Lustigerweise war die Drum Machine neu, sie klingt nur total hart und kaputt. Als ich das zusätzlich auf einem Tapedeck aufnahm, klang der Sound noch härter. Ich habe allerdings nicht danach gestrebt, sondern einfach nur gespielt, ohne etwas zu arrangieren. Ich habe bloß Aufnahme gedrückt, gejammt und geschaut, was passiert.
Klingt nach einem sehr natürlichen und intuitiven Prozess.
Ja. Ich dachte sogar, dass es ziemlich schlecht klingt, aber dann hat es mich positiv überrascht und ich habe mich mit dem Sound wohl gefühlt. Ich mag eben eine Mixtur aus analogem und klarem Sound. Vor allem Digitales und 90s-Synths, wenn sie schrottig klingen. (lacht)
Stream: Nathan Fake – Sunder
Wie lange dauerte die Jam-Session bzw. der Produktionsprozess zu Sunder?
Es ging sehr schnell, eigentlich genau so lange wie die Tracks sind. Ich habe versucht, nicht an die Zeit zu denken, sondern nahm einfach mein mein Keyboard und spielte los. Ich wollte mich so frei wie möglich fühlen.
Genau diese Art, dieser fast schon emanzipierte Habitus, erscheint interessant in einer Generation, in der Editierungsprogramme wie beispielsweise Ableton Hand in Hand gehen mit Produktionsphasen. Dein Jam steht im Gegensatz dazu. Es scheint, als ermögliche er wieder einen Fokus auf die eigene Subjektivität, die zum Teil von Editierungsprogrammen unterdrückt werden kann.
Es kann ein endloser Prozess sein, der nie aufhört. Mein Gejamme, bei dem Sunder entstand, spiegelt eigentlich das Gegenteilige wider, ja. Die Vielfalt der Möglichkeiten finde ich zwar gut und positiv, andererseits können sie auch dazu führen, dass du nie zu einem Endpunkt kommst. Manche Leute speichern ihre Arbeiten für immer, weil der Moment des Zufriedenseins nie eintritt. Ein Tapedeck, wie ich es benutzt habe, nimmt dir da die Entscheidung quasi ab. Ich habe alles aufgenommen und irgendwann war es dann fertig. Editierung erscheint da redundant, weil du sonst wieder von vorne anfangen müsstest, um es zu verändern oder “zu verbessern”.
Der Prozess klingt heute eher unüblich, da doch heute fast jede*r Software benutzt, um seine Musik zu verändern.
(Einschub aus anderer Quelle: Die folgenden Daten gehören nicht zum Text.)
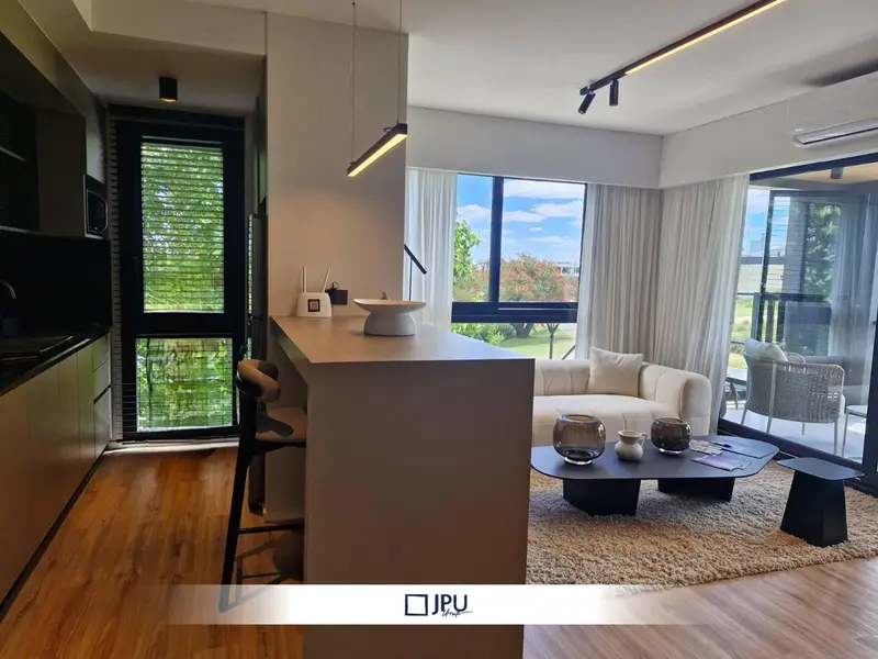 * El Canton - Escobar. Departamento en Venta. Obra Iniciada. Showroom de ventas disponible - Agenda tu visita a la unidad modelo. Precio de lista : USD 138.253 Proyecto único con vistas al golf y a la laguna en Escobar! Unidad en primer piso con terraza. Departamento de 2 ambientes con balcón aterrazado y parrilla. Excelente oportunidad para disfrutar la vida al aire libre, con la comodidad de vivir en un departamento. Se encuentra ubicado en el barrio El Cantón sobre Av. de los lagos en escobar, a 35' de la ciudad. El proyecto cuenta con 8 bloques de vivienda rodeados de terreno absorbente debidamente parquizado. Cada edificio tiene planta baja y tres pisos, los cuales poseen 19 unidades funcionales por bloque dando un total de 152 viviendas y 251 cocheras ubicadas en planta baja. El conjunto de vivienda posee como amenities; laundry por edificio, SUM, pileta, y juego para chicos rodeado de verde con vistas amplias al golf comunes a todos. Las tipologías son de dos y tres ambientes, todas cuentan con balcón, las ubicadas en planta baja poseen jardín propio y las ubicadas en el tercer nivel tienen terraza propia. Todas las unidades funcionales cuentan con una expansión semi cubierta. Estos balcones tendrán pisos y zócalos de porcellanato, barandas de aluminio vidriadas y artefactos de luz en cielorrasos. Los cielorrasos estarán revestidos con material símil madera de exterior. Se accede a ellos desde el living a través de carpinterías con vidrios DVH. Las puertas serán puerta placa MDF para pintar o revestidas, con marco de madera, herrajes platiles, Currao o similar. El interior de las viviendas contará con solados de porcellanato, SPC o similar. Cielorrasos aplicados o suspendidos con terminaciones de yeso o similar y pintado en interiores. Las cocinas de todas las unidades contarán con muebles de cocina con bajo mesada y alacena. Horno y anafe eléctrico 4 hornallas, grifería monocomando FV, Piazza o similar. Mesada y alzada de granito o similar, pileta de acero inoxidable marca Mi Pileta o similar. Para los baños se proveen pisos y paredes de porcellanato. Lavatorio marca Ferrum, Piazza o similar, bañera Ferrum, Piazza o similar o ducha, griferías monocomando FV, Piazza o similar, artefactos sanitarios Ferrum, Piazza o similar. Los dormitorios tendrán los frentes de placard corredizos con placa de melamina. La climatización en las viviendas contará con provisión piso radiante eléctrico y la preinstalación de aire acondicionado (no incluye equipos) La provisión de agua caliente será a través de termotanque eléctrico individual. Forma de pago El Precio publicado corresponde a una promoción por pago contado y tiempo limitado, Precio de Lista: USD *% Anticipo en dólares y cuotas + CAC INICIO DE OBRA MARZO 2024. Fecha estimada: Primer trimestre de 2027 Desarrolla Portland. Proyecto con certificación Edge Construcción sostenible. Edificios ecológicos. Contactanos para ver los avances de la obra. Aprovecha esta oportunidad!

Ja, die Software ist zum Standard geworden. Als ich angefangen habe, Musik zu machen, gab es zwar schon Ableton, aber viel weniger Möglichkeiten. Meine Musikerfreunde und ich haben früher alle ganz unterschiedliche Software benutzt. Es hat sich niemand auf ein spezielles Programm konzentriert. Hardware war kein Thema, weil es zu teuer war. Es wirkte komisch, wenn man ein Studio besaß, obwohl man lediglich einen Laptop benutzen und damit alles machen konnte.